Imputing missing data
Peter Levy
18/02/2026
gap_fill_methods.RmdThe MetQC app uses multiple gap-fill methods to impute data when the recorded data maybe incorrect or unreliable. This document will outline the methods undertaken, by the app, for each gap-fill method.
| QC code value | QC Code | Meaning |
|---|---|---|
| 0 | raw | Original observation: raw data. |
| 1 | missing | Missing value: usually only a temporary state, whereafter values are imputed by one of the methods below. |
| 2 | time | Time: values are predicted from a GAM fitted to the non-missing data, using the local trend in time plus terms for the diurnal and seasonal cycles. The effect is similar to LOESS filtering but with the addition of the diurnal and seasonal trends, useful when multiple days are missing. Generally this is the best option for most variables. |
| 3 | regn | Regression with covariate: values are predicted from a linear
regression model fitted to the non-missing data, using some other
covariate selected from the data set. Can simply replace missing values
with the covariate if fit = FALSE. |
| 4 | nightzero | Night-time zero: night-time values are forced to be zero, generally the true for incoming solar radiation variables. |
| 5 | noneg | No negative values: any negative values are forced to be zero, true for any quantity which has to be positive e.g. rainfall. |
| 6 | zero | All zeros: all values are forced to be zero, mainly used for snow depth in summer. |
| 7 | era5 | Regression with ERA5 covariate: values are predicted from a linear regression model fitted to using some other covariate selected from the ERA5 data set. ERA5 is a reanalysis data set based on weather forecasting models nudged with observations, run retrospectively so gives a consistent back-casting of weather variables.
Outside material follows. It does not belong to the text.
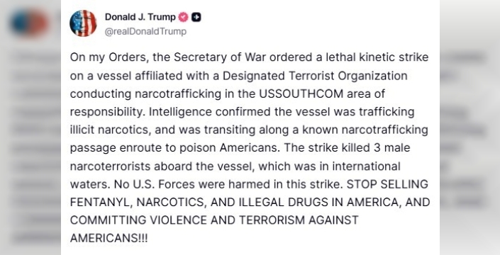 Trump, saldırıda uluslararası sularda seyreden teknedeki üç erkek narko-teröristin öldürüldüğünü ve hiçbir ABD personelinin zarar görmediğini vurguladı. Açıklamasının sonunda ise "Amerika’da Fentanil, uyuşturucu ve yasadışı ilaç satışını durdurun ve Amerikalılara yönelik şiddet ve terörizme son verin!" uyarısında bulundu. Bu saldırı, ABD'nin son zamanlarda uyuşturucu taşıyan tekneleri hedef alan üçüncü saldırı olarak kayıtlara geçti.

Generally this is the best option for variables whee a local trend in time is not predictable e.g. rainfall. |
| 8 | flagged | Flagged data: manually flagged data, usually only a temporary state, whereafter values are imputed by one of the methods above. |
Original observation (raw)
This method simply reverts any previously imputed (either as part of the automated process or by a user) data back to the raw observed data. This can be used to undo any changes.
Time
Fits a smoothing model (a GAM) of the variable in question against time. New values are predicted from this model.
Regression with covariate
Fits a model between the variable in question and another variable, which the user can pick from a drop down list. New values are predicted from this model.